The mandate: prove utility before scale.
“Most of the time when an AI project struggles it’s not actually because the model isn’t capable of doing the task at hand, but rather the task does not have strong documentation, clean data, or a clear scope,” said Mason Matchinski, Senior Researcher and Tiger Team lead at Infillion.
“Once connected to company data sources and documentation you can access an unprecedented amount of information at near instant speeds. This has shaved a significant amount of time off of countless project timelines.”
That infrastructure-first approach enabled the Tiger Team to deliver practical results across the entire organization.
“Using powerful programming tools like Claude Code we have been able to design, iterate, and productionalize the automation of entire operational processes throughout the company,” Matchinski said.
The AI infrastructure Infillion is building delivers measurable results for its employees and clients – automating processes, shortening creative production timelines, and eliminating operational bottlenecks.
And it’s only just getting started.
“The rate of change in the AI world continues to shock me after each release,” Matchinski said. “When provided with the proper business context, documentation, and infrastructure, flagship models can do an amazing amount of real, valuable work.”
4. How AI Levels the Playing Field for Independent Agencies
In July, ten independent agency leaders came to our headquarters for a wide-ranging discussion. Within minutes, one topic dominated: AI’s role in reshaping how agencies work, pitch, and profit.

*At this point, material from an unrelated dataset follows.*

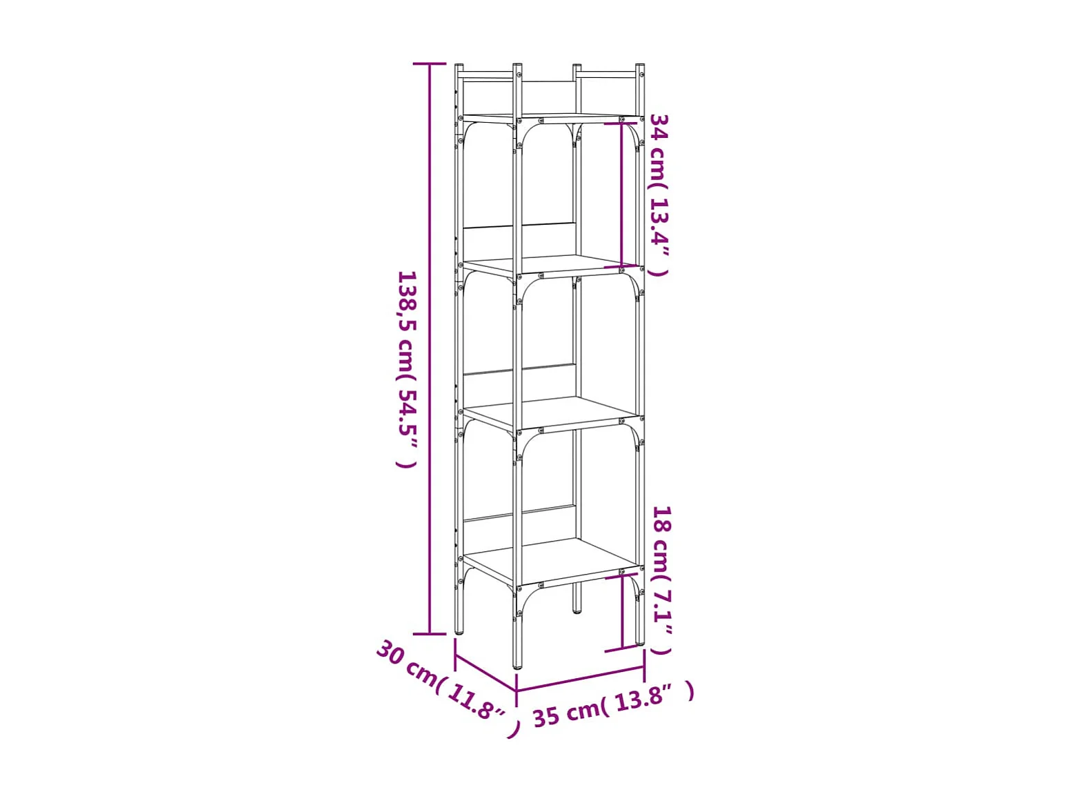 Bibliothèque à 4 niveaux sonoma gris 35x30x138,5

The timing matters. As holding companies consolidate—Omnicom’s acquisition of IPG being the latest example—independents face a critical moment. They can’t compete on scale or bundled services. But they can compete on agility, specialization, and intelligent use of technology.
What we discovered AI unlocks for smaller agencies:
- Teams of five execute campaigns that previously required agency-of-record scale
- Custom models replace expensive proprietary tools locked behind holdco walls
- Real-time optimization happens without armies of analysts
Infillion’s platform is built for orchestration, not obligation—API-first, transparent, designed to integrate into existing workflows. We pair explainable automation with unified measurement that links attention, engagement, and conversion.

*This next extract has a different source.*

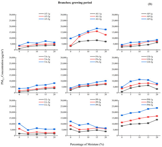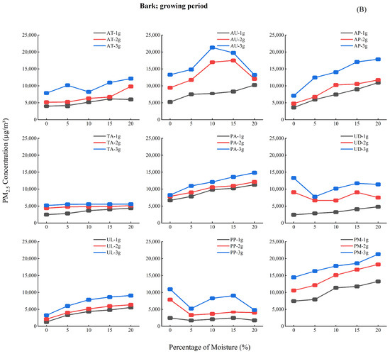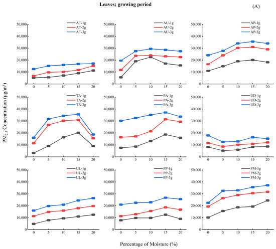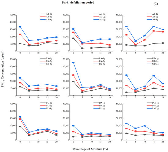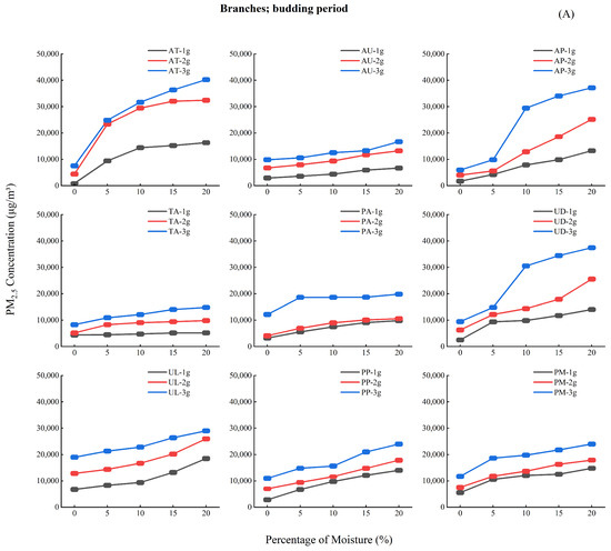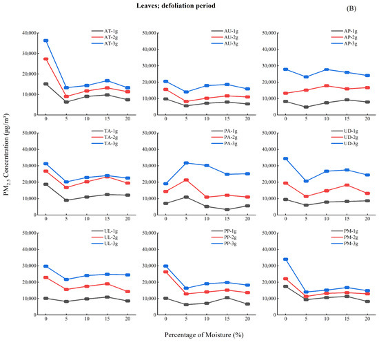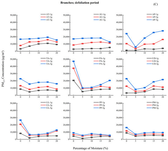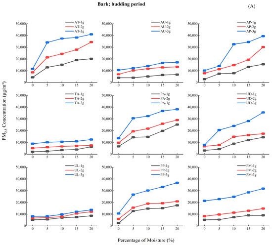 Analysis of Figure 4 reveals three key moisture-dependent emission patterns: (1) During the budding period (A), PM2.5 concentrations increased progressively (0%–20% moisture), peaking at 15%–20%; (2) The growth period (B) showed an initial decline (0%–5%), subsequent rise (5%–10%), and stabilization (10%–20%) of PM2.5 emission; (3) The leaf fall period (C) exhibited similar but more pronounced (30%–40% greater amplitude) triphasic fluctuations.

Independence and sophistication should never be a tradeoff.
5. The Attention Economy Has a Bot Problem
According to new research from DoubleVerify, AI bots accounted for up to 15% of all ad clicks in tests of “unprotected media.” In some cases, an ad click was 10X more likely to come from an AI bot than a human.

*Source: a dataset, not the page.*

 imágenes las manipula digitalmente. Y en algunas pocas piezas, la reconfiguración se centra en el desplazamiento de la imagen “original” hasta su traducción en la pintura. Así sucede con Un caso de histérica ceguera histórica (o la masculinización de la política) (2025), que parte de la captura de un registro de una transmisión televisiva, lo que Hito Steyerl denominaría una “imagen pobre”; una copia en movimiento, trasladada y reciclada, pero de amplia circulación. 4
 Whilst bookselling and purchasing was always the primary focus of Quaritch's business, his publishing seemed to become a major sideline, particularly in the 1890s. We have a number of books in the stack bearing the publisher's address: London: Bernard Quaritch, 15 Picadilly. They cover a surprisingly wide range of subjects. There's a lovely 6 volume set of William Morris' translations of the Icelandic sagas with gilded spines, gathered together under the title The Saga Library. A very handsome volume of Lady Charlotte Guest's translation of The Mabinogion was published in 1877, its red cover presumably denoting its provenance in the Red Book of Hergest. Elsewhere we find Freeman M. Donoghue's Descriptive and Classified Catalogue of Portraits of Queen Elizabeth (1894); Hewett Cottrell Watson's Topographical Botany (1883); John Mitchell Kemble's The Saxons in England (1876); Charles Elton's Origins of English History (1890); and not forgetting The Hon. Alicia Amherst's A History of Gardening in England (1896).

The measurement problem masks the real issue: who can you trust?
We’re asking clients a different question now: What if the only engagement that counted was engagement that required being human?
TrueX’s opt-in value exchange model creates a verification layer for brands and users, keeping the bots away . As of August 2025, HUMAN Security found a 0.13% bot rate across that keeps the bots at bay even in 2025.
Viewers actively choose to interact with an ad in exchange for premium content—uninterrupted streaming, exclusive access, ad-free viewing. That choice provides one of the best advertising experiences available for both the client and the consumer.
The attention economy we’ve built—where clicks, impressions, and engagement drive billions in ad spend—is increasingly contaminated. Not crude bots, but sophisticated AI agents scraping and interacting with content in ways that look human.
Advertising Week 2025 confirmed: attention is the next currency. But only if we can verify it’s human.
What These Conversations Showed Us
Each confronted the same question: How do we build systems—technical, operational, creative—intelligent enough to leverage AI’s power but grounded enough to maintain trust?
The answer we have come to? Composability over Frankenstacks. Verifiable attention over bot-inflated metrics. Infrastructure that enables agility rather than constraining it.
The conversations that changed how we think about media in 2025 weren’t about AI replacing human judgment. They were about building frameworks where AI amplifies it.